» Given data:
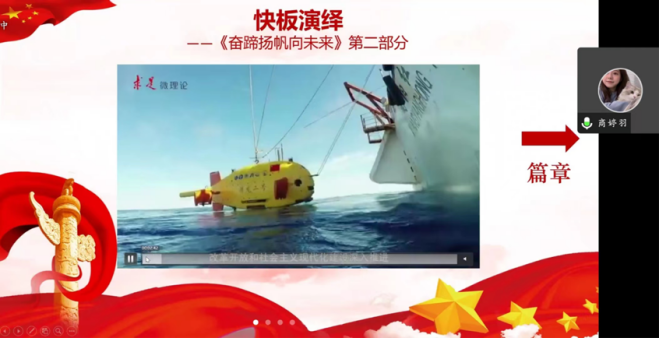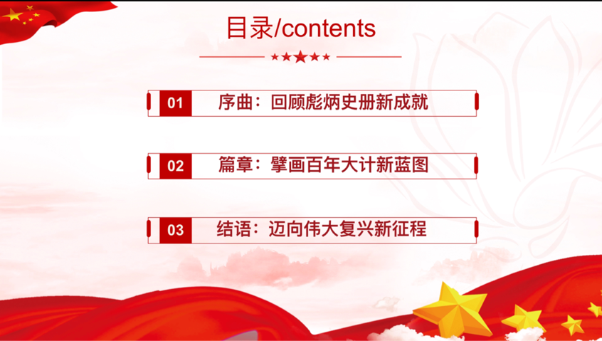 宣讲活动以“序曲”、“篇章”、“结语”三部分展开,每个版块既相对独立,又有机统一。“序曲”部分以“回顾彪炳史册新成就”为主题,带领师生回顾了新时代十年的伟大变革和辉煌成就。“篇章”部分以“擎画百年大计新蓝图”为主题,向大家展示了国家实现民族复兴新篇章的大政方针及其让中国特色社会主义展现出的强大生命力。“结语”部分以“迈向伟大复兴新征程”为主题,宣讲团成员用坚定的口号“Unity is strength ,and only in unity can we succeed”来续写华丽篇章,以顽强的信念“A nation will prosper only when its young people thrive”来展现青春担当。
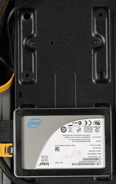 Сверху на корзине имеется четыре проушины, но закрепить там накопитель при помощи стандартных средств не представляется возможным, хотя если сильно захотеть, это вполне возможно.
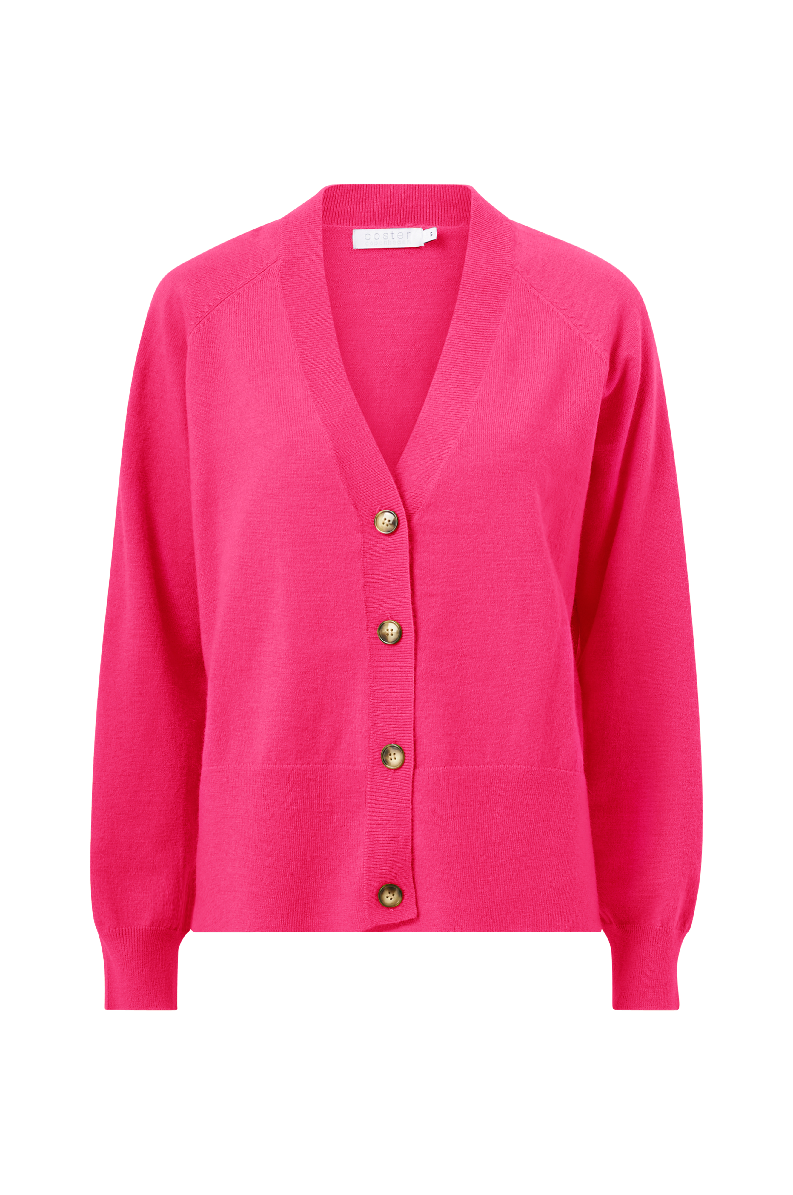 Pehmeä neuletakki villasekoitetta. V-pääntie ja raglanhihat. Sivuhalkiot helmassa. Hihansuissa ja helmassa joustinneulereuna.
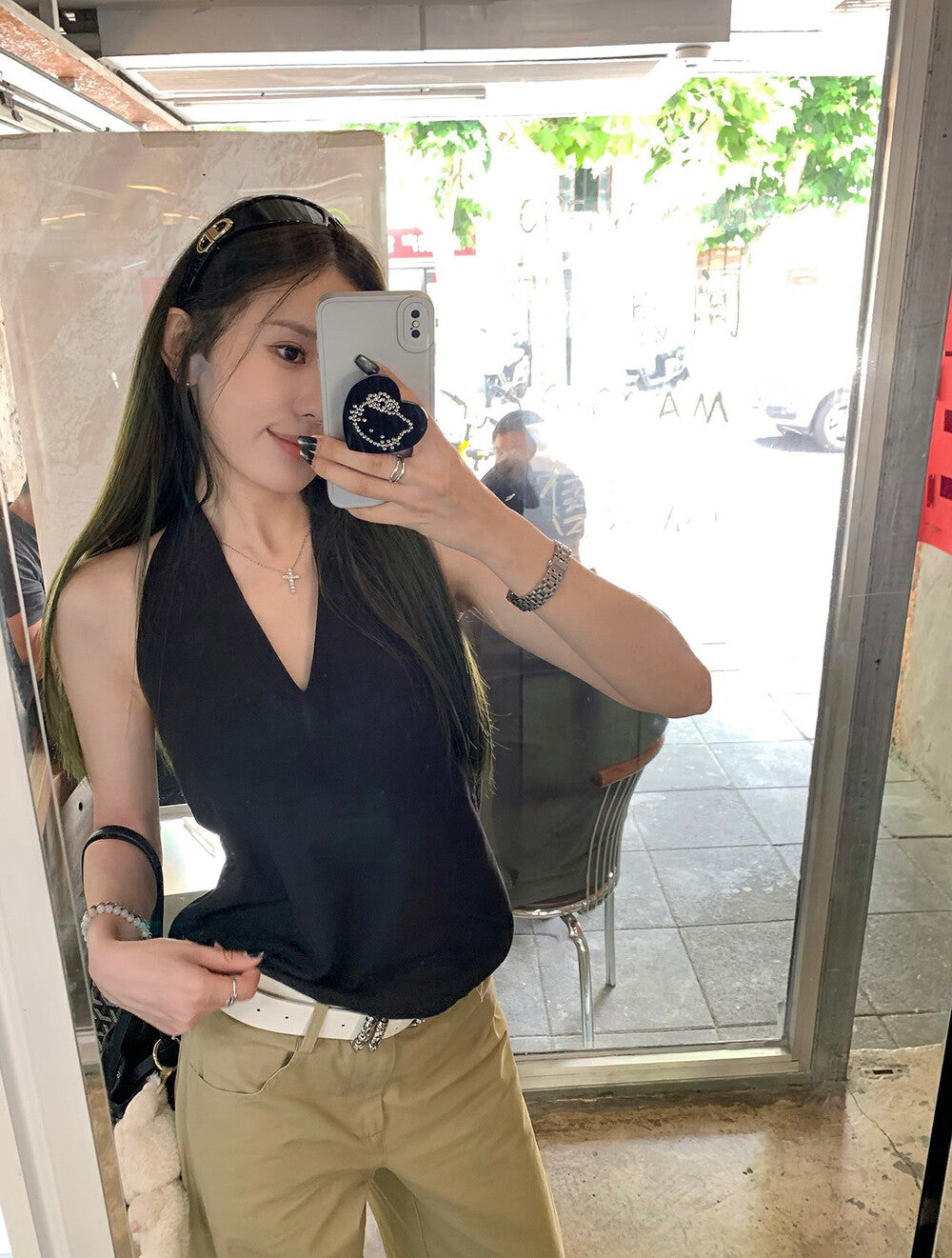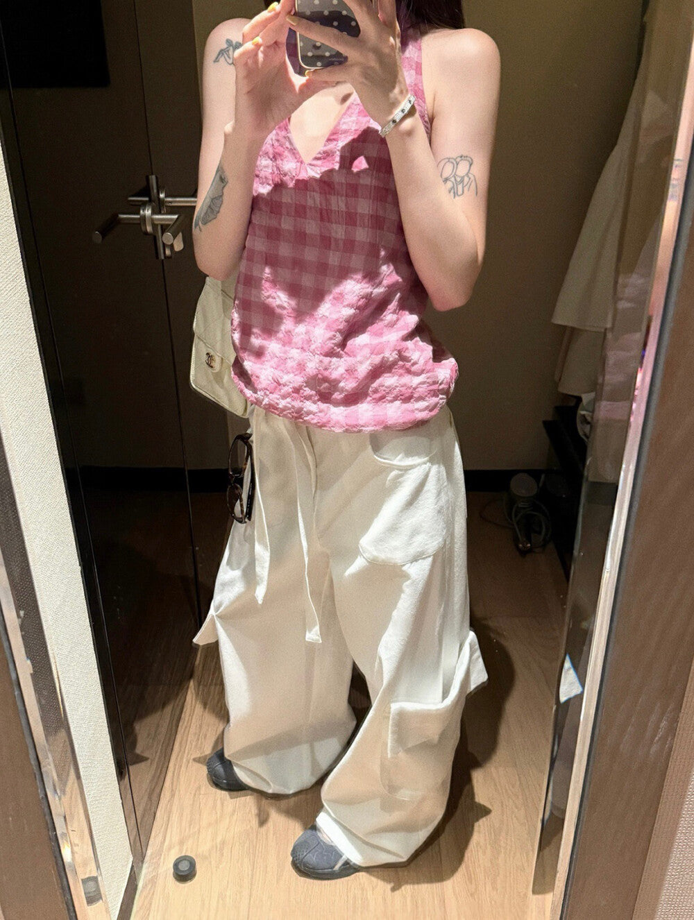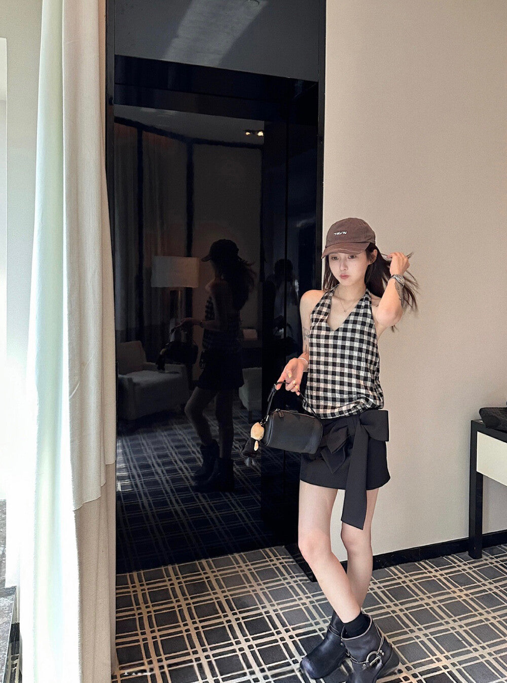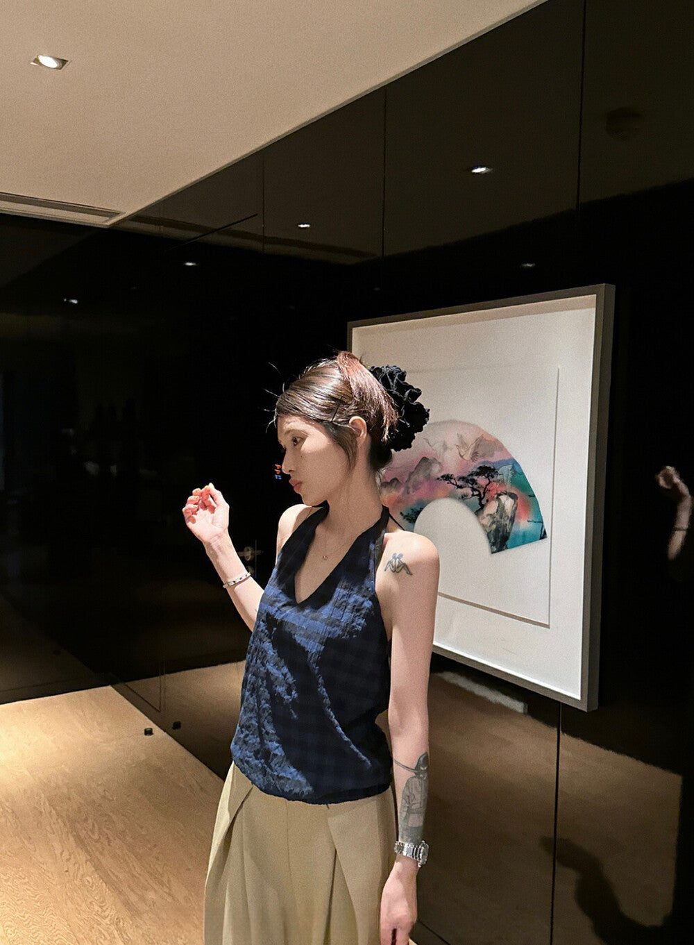 Halter Neck Plaid Tie-Back Backless Tank Top

» What you need to do:
When you write out the material again, keep every word exact and omit the pictures.

» Reply:
 宣讲活动以“序曲”、“篇章”、“结语”三部分展开,每个版块既相对独立,又有机统一。“序曲”部分以“回顾彪炳史册新成就”为主题,带领师生回顾了新时代十年的伟大变革和辉煌成就。“篇章”部分以“擎画百年大计新蓝图”为主题,向大家展示了国家实现民族复兴新篇章的大政方针及其让中国特色社会主义展现出的强大生命力。“结语”部分以“迈向伟大复兴新征程”为主题,宣讲团成员用坚定的口号“Unity is strength ,and only in unity can we succeed”来续写华丽篇章,以顽强的信念“A nation will prosper only when its young people thrive”来展现青春担当。
 Сверху на корзине имеется четыре проушины, но закрепить там накопитель при помощи стандартных средств не представляется возможным, хотя если сильно захотеть, это вполне возможно.
 Pehmeä neuletakki villasekoitetta. V-pääntie ja raglanhihat. Sivuhalkiot helmassa. Hihansuissa ja helmassa joustinneulereuna.
 Halter Neck Plaid Tie-Back Backless Tank Top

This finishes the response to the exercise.